11 zeigt die Kraft echter Freundschaft, denn hier stehen zwei mächtige Individuen nebeneinander. Doch da sie sich nicht vereinen – 11 ist eine Primzahl – kann sich hier auch ein Konflikt andeuten.

5 vor 12 ist im Traumgeschehen eine Warnung, schnellstmöglich etwas zu tun oder zu lassen. Der genauere Zusammenhang ist sicherlich für den Träumer zu erkennen.

12 ist das volle Dutzend. Hier schließt sich der Kreis der Monate zum vollen Jahr. Eine Entwicklung ist komplett abgeschlossen und nährt mit seiner Essenz den Neuanfang.
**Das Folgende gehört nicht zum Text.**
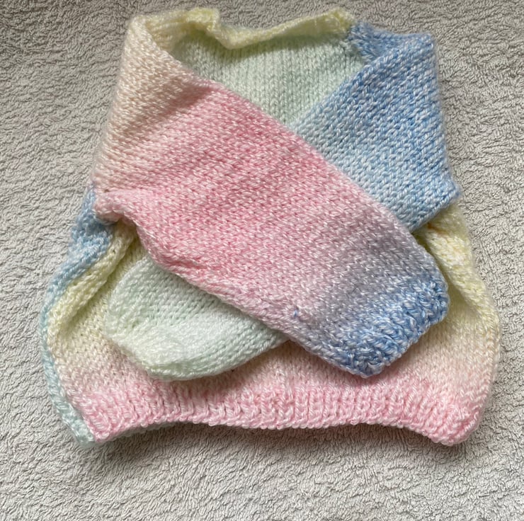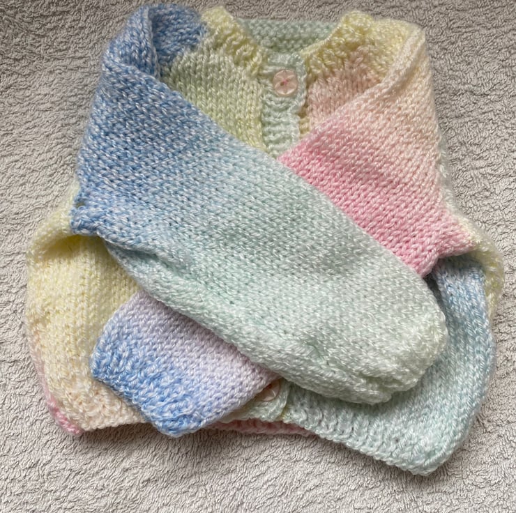 A lovely, colourful cardigan for a little lass, in a blend of soft pastel shades.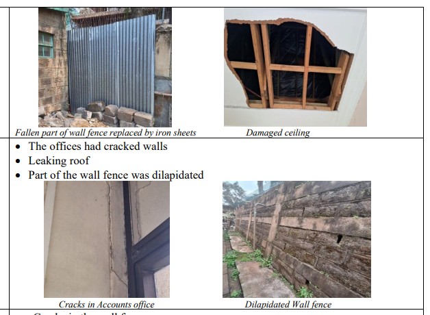 In Kenya, a vacant double-storey government property on Ngong Road in Nairobi had a collapsed wall fence, temporarily replaced with iron sheets. The building also showed roof leakages and damaged bathrooms, even as it sat unused.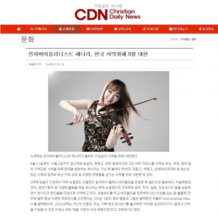 [기사] 전자바이올리니스트 해나리, 한국 사역위해 9월 내한(기독일보 씨디엔)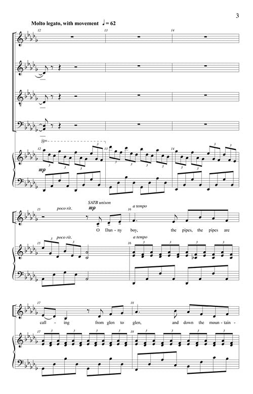 The response to Kevin Memley's setting of Danny Boy for TTBB voices in 2011 was so strong, we now offer voicings for SATB and SSA. This setting begins and ends with the voices emulating the bagpipe sounds of Scotland. Everything about this song pulls at the heartstrings and Memley's skillful touch pulls it even deeper. For high school and up.

Hingabe an ein höheres Ziel wird hier ein Leichtes.

13 ist beim Tarot die Zahl für den Tod. Deswegen wird sie oft von dem Beigeschmack des assoziierten Unglücks begleitet. Doch, wie im Märchen von Dornröschen deutlich wird, tritt das Unglück erst dann in Erscheinung, wenn man die 13, also die unveränderliche Verknüpfung von Leben und Tod, verleugnet. Zu Urzeiten bestimmte der Mond mit seinem 28tägigen Zyklus den Jahreslauf. Da war es vonnöten, ab und an einen 13. Mond zu integrieren, damit der Jahreslauf nicht aus dem Rhythmus geriet. Diese Praxis zu ändern hat uns vom natürlichen Rhythmus entfernt. Oder nicht?